A similar multi-utility ground vehicle was deployed by the U.S. army in 2006. Prajwal Kumar had finalized the design in India in 2003, but due to lack of funds or support he could not take the project further. He says, “If developed in India, this would cost ten times lesser that what it costs in the U.S. But there is still a lack of trust in locally developed products no matter how useful, innovative, or critical they are, and hence lack of proper support to foster such innovations.”
Even Gridbots is working on a combat robot. Gaur says, “We call it [combat robot] the ‘ground zero’ since it will be useful in war zones. It can carry cameras, load up to 200 kilograms, and is made of steel. It measures two feet by two feet and is an all-terrain machine.

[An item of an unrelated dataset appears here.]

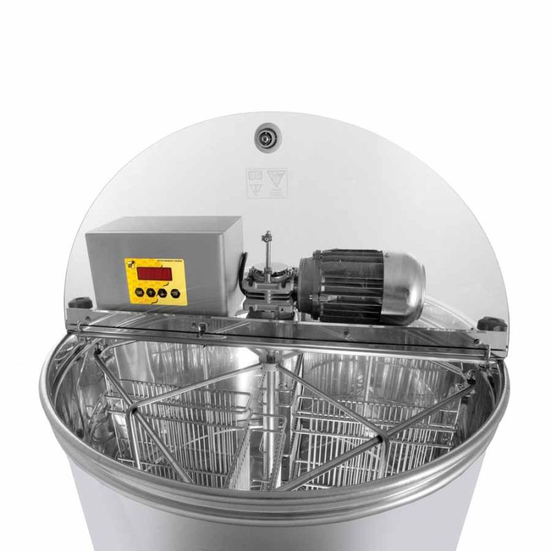 4-frame self-reversing honey extractor with 110 W / 230 V motor drive, fully automatic control and safety switch that automatically stops the motor when the lid is opened. State-of-the-art engineering allowed us to design an improved extractor bottom. The bottom of the vat is welded seamless and sloped toward the outlet. The stainless-steel honey gate is welded at the lowest possible point so that all honey can flow out of the extractor. All parts that come into contact with honey are made from food-safe materials. The lid is made of transparent acrylic. A special construction of the feet provides stable support for the extractor.

We are also coming up with a small shoe-sized robot which can be placed inside hijacked hotels for transmission and monitoring of exact position of hidden terrorists inside the winding corridors and corners of such buildings.”
The shoe-sized robot is called Hummingbird. Gridbots has Indian Air Force and the Indian Navy as clients along with other companies such as NTPC and now is targeting Anti-Terrorist Squad and other defense forces.
Robosoft Systems is also developing a land surveillance robot for advanced scout and urban terrorism scenarios.